(Recorded data)
------------------------------------

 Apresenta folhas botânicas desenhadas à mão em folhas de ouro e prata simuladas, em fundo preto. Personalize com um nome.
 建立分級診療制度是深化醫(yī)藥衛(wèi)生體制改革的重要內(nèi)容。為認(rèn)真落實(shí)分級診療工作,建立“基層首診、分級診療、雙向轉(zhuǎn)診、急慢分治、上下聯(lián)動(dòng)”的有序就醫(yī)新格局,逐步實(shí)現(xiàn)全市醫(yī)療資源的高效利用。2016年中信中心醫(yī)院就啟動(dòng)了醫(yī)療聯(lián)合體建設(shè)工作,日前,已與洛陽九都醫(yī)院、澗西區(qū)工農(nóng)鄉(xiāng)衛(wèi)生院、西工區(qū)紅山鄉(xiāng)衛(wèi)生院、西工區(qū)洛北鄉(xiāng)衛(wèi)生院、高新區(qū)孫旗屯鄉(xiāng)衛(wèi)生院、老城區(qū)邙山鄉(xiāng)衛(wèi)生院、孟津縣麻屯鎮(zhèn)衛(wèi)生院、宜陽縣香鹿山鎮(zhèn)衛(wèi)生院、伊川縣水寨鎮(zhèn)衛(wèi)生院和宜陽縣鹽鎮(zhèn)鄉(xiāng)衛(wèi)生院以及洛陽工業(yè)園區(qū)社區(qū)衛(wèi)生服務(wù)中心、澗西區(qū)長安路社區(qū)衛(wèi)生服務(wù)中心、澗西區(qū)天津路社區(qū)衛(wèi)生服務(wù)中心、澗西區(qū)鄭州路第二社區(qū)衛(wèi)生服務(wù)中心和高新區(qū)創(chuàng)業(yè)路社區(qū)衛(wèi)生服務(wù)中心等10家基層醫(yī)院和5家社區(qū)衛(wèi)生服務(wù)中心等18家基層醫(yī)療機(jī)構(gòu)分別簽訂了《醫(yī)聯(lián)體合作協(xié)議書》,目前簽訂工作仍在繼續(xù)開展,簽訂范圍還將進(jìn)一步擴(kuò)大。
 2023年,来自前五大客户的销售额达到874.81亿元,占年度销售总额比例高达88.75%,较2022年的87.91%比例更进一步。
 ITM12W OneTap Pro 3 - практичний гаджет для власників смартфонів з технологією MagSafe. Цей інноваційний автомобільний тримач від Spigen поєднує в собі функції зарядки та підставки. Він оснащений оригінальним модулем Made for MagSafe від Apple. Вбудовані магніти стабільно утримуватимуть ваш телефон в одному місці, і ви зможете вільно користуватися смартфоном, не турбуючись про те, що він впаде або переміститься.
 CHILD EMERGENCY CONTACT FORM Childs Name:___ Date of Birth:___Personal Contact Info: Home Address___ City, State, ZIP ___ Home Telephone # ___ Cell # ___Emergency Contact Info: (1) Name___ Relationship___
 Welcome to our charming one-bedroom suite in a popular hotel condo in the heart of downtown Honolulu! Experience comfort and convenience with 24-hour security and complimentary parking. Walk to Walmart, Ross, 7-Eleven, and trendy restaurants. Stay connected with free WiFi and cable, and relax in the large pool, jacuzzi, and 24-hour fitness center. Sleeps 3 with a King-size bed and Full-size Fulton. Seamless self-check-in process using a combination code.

------------------------------------

Work task. Give back exactly the lines from the one containing "2023年,来自前五大客户的" through the last line of the records.

Output.
 2023年,来自前五大客户的销售额达到874.81亿元,占年度销售总额比例高达88.75%,较2022年的87.91%比例更进一步。
 ITM12W OneTap Pro 3 - практичний гаджет для власників смартфонів з технологією MagSafe. Цей інноваційний автомобільний тримач від Spigen поєднує в собі функції зарядки та підставки. Він оснащений оригінальним модулем Made for MagSafe від Apple. Вбудовані магніти стабільно утримуватимуть ваш телефон в одному місці, і ви зможете вільно користуватися смартфоном, не турбуючись про те, що він впаде або переміститься.
 CHILD EMERGENCY CONTACT FORM Childs Name:___ Date of Birth:___Personal Contact Info: Home Address___ City, State, ZIP ___ Home Telephone # ___ Cell # ___Emergency Contact Info: (1) Name___ Relationship___
 Welcome to our charming one-bedroom suite in a popular hotel condo in the heart of downtown Honolulu! Experience comfort and convenience with 24-hour security and complimentary parking. Walk to Walmart, Ross, 7-Eleven, and trendy restaurants. Stay connected with free WiFi and cable, and relax in the large pool, jacuzzi, and 24-hour fitness center. Sleeps 3 with a King-size bed and Full-size Fulton. Seamless self-check-in process using a combination code.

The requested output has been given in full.